Problem to solve -> The material below has pictures in it. Set down only the lines from the line containing "雄安新区召开党工委理论学习中心组学习会议暨党工委委员(扩大)会议" through the line containing "Строители пришли под", word for word, and leave the pictures behind.

Data records ->
----------
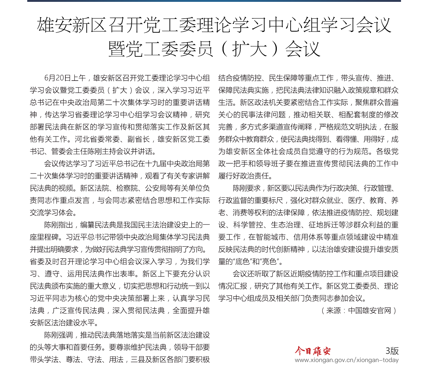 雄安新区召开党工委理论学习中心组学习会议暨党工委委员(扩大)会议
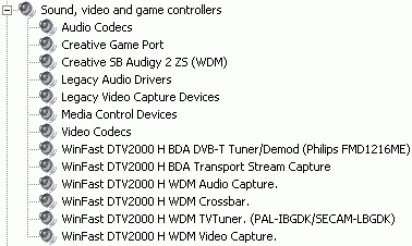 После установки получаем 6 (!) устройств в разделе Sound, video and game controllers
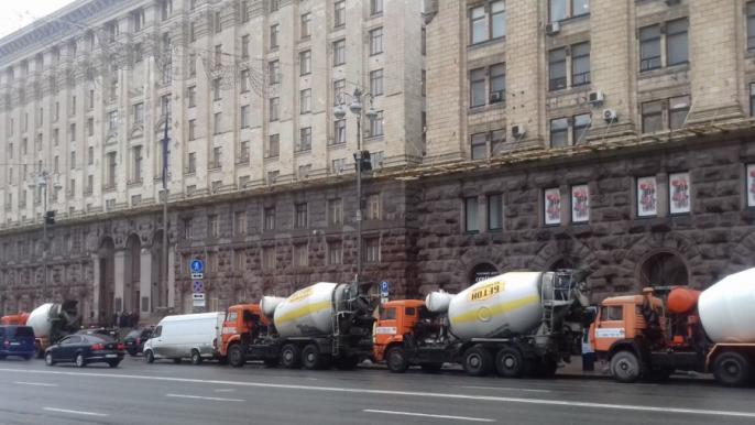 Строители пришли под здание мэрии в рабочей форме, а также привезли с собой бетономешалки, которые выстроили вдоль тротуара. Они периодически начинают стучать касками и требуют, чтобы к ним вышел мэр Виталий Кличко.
----------
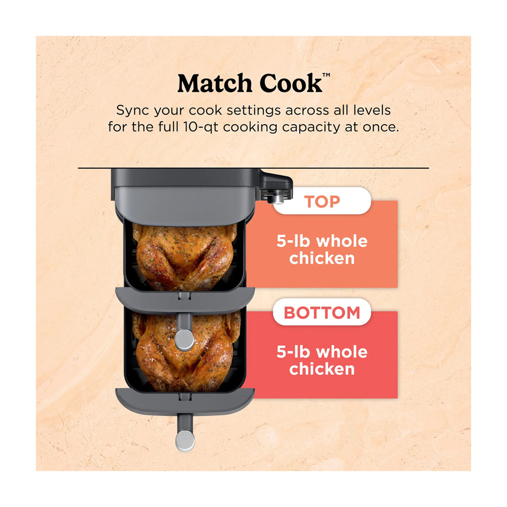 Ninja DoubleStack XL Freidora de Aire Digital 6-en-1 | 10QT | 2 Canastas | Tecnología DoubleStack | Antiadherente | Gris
----------
Response to the exercise ->
 雄安新区召开党工委理论学习中心组学习会议暨党工委委员(扩大)会议
 После установки получаем 6 (!) устройств в разделе Sound, video and game controllers
 Строители пришли под здание мэрии в рабочей форме, а также привезли с собой бетономешалки, которые выстроили вдоль тротуара. Они периодически начинают стучать касками и требуют, чтобы к ним вышел мэр Виталий Кличко.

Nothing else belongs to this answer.